1.4.19 Explain the uses of genetic screening: identification of carriers, preimplantation genetic diagnosis and prenatal testing (amniocentesis and chorionic villus sampling) and discuss the implications of prenatal genetic screening.

Genetic Screening

- Newborns could be tested for a faulty allele of the CF gene, but the CF gene has many mutations and no test can cover all of them, so a negative result could be false. 

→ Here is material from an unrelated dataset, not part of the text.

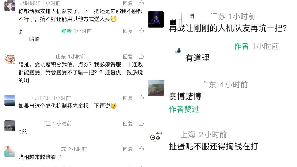 但是如果你選擇不服,下一把如果你還繼續開游戲,你就會匹配到對面的玩家,再次和他切磋一把。而且甚至還有玩家說,想要體驗這個功能,還需要花點券!
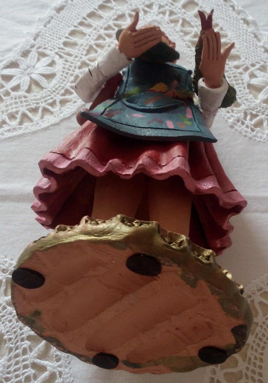 Explicações da Milena Miguel quando lhe comprei a peça: "Nas Caldas da Rainha, os homens tradicionalmente fazem o enchimento das peças, nos moldes, sendo depois as mulheres que os pintam". "As mulheres das Caldas usam sapatinhos e não chinelos, muito menos andam descalças".

- DNA testing of adults to identify carries: a couple were both are carriers have a 1 in 4 chance of having a baby with the genetic disorder 

- If a couple have been identified as carriers yet they wish to have a baby, they might opt for prenatal screening, screening the fetus in the uterus to detect genetic defects:

1. Amniocentesis: some of the amniotic fluid is removed from the amniotic sac of the mother using a fine needle inserted in the abdomen, the fetal cells present in the amniotic fluid are obtained and their DNA is analysed and used to detect defective genes/alleles.
2. Chorionic villus sampling: cell sample from embryonic tissue is taken from the developing placenta either using a needle in the abdomen or a catheter in the vagina, the DNA from the cell is isolated and used to detect defective genes.

- Implications: risk of abortion or harm to fetus, mental and emotional issues surrounding the birth of a disabled baby, being prepared for a baby born with CF or other genetic disorders.

- Preimplantation Genetic Diagnosis (PIDG): embryos created through in vitro fertilisation (outside the body) are tested to see of they carry they faulty allele, only those which do not are implanted into the mother’s uterus.